### Exercise inputs
━━━━━━━━━━━━━━━━━━━━━━━━━━━━━━

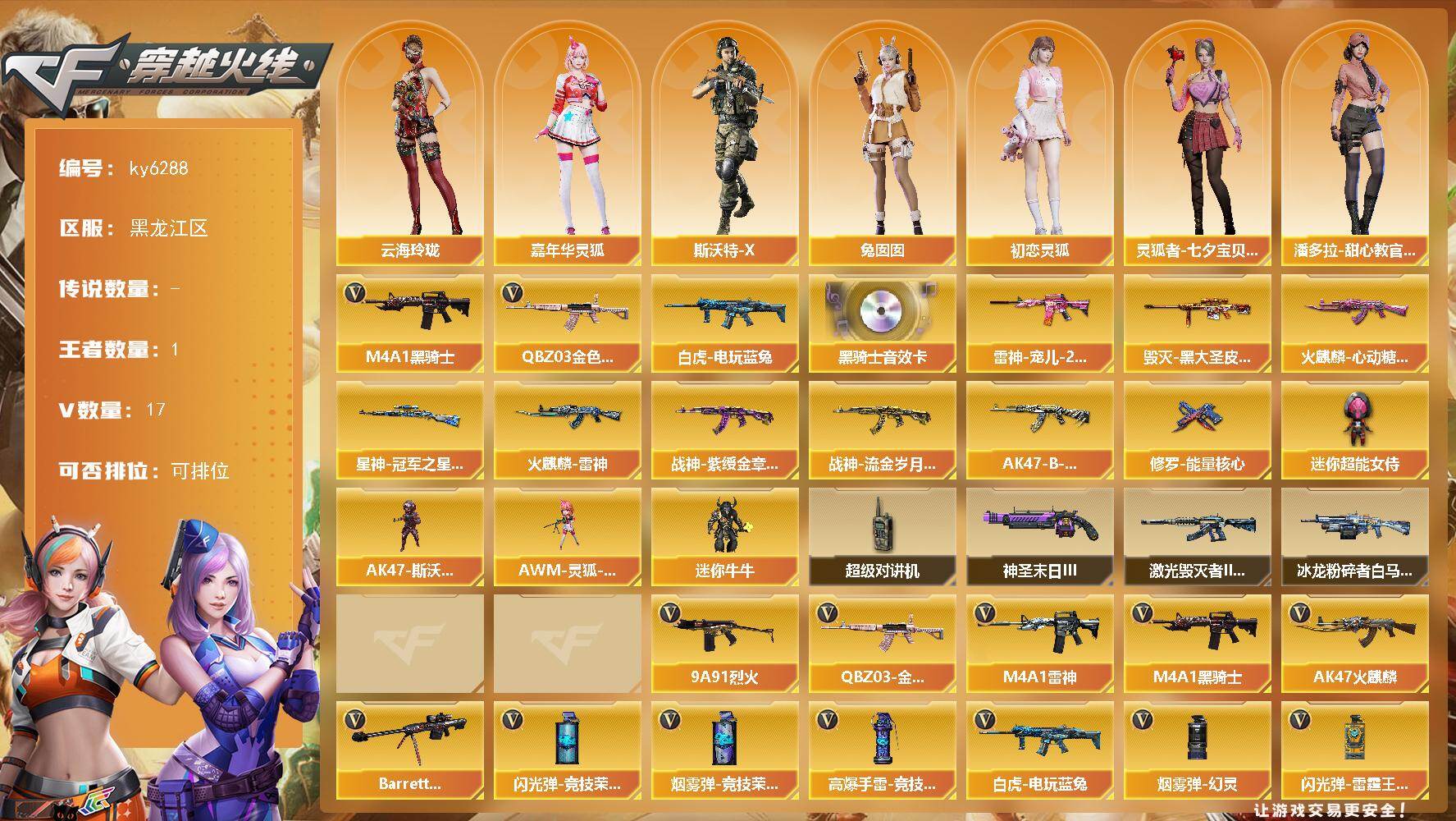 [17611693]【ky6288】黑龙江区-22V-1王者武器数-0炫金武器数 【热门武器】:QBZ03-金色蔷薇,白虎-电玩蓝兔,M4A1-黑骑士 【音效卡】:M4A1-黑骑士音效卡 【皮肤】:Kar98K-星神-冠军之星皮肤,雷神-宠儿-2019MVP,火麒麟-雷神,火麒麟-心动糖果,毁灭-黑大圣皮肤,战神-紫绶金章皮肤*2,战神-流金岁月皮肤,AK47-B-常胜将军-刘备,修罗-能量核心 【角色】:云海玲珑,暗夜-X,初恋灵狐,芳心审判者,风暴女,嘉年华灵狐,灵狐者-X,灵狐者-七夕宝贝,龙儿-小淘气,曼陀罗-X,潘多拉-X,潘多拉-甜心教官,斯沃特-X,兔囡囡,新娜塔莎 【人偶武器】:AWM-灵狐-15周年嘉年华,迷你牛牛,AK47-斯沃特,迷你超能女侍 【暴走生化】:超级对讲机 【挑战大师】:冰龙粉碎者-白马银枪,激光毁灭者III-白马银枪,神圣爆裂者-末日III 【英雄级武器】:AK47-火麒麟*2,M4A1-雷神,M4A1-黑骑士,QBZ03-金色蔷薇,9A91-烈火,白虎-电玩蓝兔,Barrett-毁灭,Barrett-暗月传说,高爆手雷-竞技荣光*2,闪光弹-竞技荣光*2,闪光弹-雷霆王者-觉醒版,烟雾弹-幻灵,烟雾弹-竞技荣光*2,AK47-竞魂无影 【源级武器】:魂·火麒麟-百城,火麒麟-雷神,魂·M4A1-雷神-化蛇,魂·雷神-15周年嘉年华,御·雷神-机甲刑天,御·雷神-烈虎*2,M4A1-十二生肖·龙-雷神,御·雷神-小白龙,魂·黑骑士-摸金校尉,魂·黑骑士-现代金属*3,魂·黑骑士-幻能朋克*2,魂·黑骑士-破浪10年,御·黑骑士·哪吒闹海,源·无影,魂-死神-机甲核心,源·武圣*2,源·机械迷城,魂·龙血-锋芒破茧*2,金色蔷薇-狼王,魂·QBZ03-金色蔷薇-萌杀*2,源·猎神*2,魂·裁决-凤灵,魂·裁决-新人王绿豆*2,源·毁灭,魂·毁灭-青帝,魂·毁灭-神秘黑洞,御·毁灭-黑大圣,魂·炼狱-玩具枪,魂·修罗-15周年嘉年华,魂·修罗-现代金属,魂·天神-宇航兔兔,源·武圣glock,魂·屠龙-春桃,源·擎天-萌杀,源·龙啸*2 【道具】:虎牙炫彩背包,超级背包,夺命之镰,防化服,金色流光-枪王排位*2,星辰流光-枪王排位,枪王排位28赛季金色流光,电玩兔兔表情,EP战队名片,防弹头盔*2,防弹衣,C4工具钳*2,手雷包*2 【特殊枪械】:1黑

━━━━━━━━━━━━━━━━━━━━━━━━━━━━━━

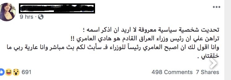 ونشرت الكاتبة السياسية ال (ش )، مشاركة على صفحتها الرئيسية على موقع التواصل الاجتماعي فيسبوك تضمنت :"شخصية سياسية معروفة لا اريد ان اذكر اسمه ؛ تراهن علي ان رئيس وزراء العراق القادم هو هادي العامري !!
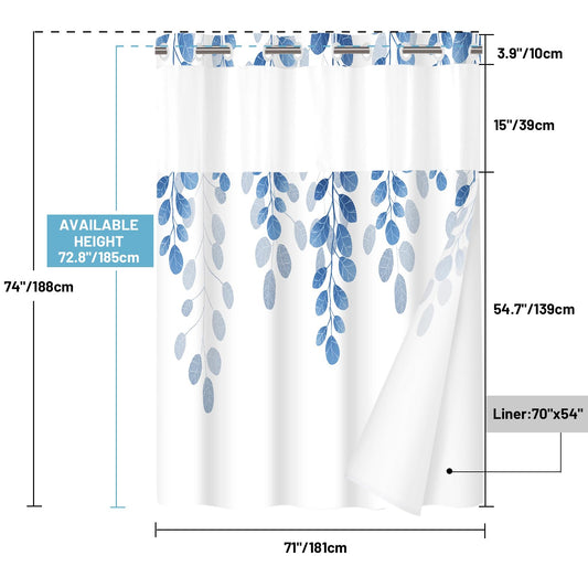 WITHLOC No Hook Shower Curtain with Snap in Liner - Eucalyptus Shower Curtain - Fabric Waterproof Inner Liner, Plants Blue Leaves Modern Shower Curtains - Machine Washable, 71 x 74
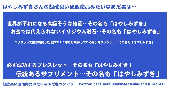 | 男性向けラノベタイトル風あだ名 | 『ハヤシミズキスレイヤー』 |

━━━━━━━━━━━━━━━━━━━━━━━━━━━━━━

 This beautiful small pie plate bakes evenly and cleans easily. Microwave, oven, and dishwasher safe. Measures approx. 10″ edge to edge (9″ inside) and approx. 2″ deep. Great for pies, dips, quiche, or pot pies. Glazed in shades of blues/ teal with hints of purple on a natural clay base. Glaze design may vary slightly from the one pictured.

━━━━━━━━━━━━━━━━━━━━━━━━━━━━━━

### Task statement
In the data above, take the line with "ونشرت الكاتبة السياسية", the line with "男性向けラノベタイトル風あだ名 | 『ハヤシミズキスレイヤー』 |", and every line between, and set them down exactly without pictures.

### Reply
 ونشرت الكاتبة السياسية ال (ش )، مشاركة على صفحتها الرئيسية على موقع التواصل الاجتماعي فيسبوك تضمنت :"شخصية سياسية معروفة لا اريد ان اذكر اسمه ؛ تراهن علي ان رئيس وزراء العراق القادم هو هادي العامري !!
 WITHLOC No Hook Shower Curtain with Snap in Liner - Eucalyptus Shower Curtain - Fabric Waterproof Inner Liner, Plants Blue Leaves Modern Shower Curtains - Machine Washable, 71 x 74
 | 男性向けラノベタイトル風あだ名 | 『ハヤシミズキスレイヤー』 |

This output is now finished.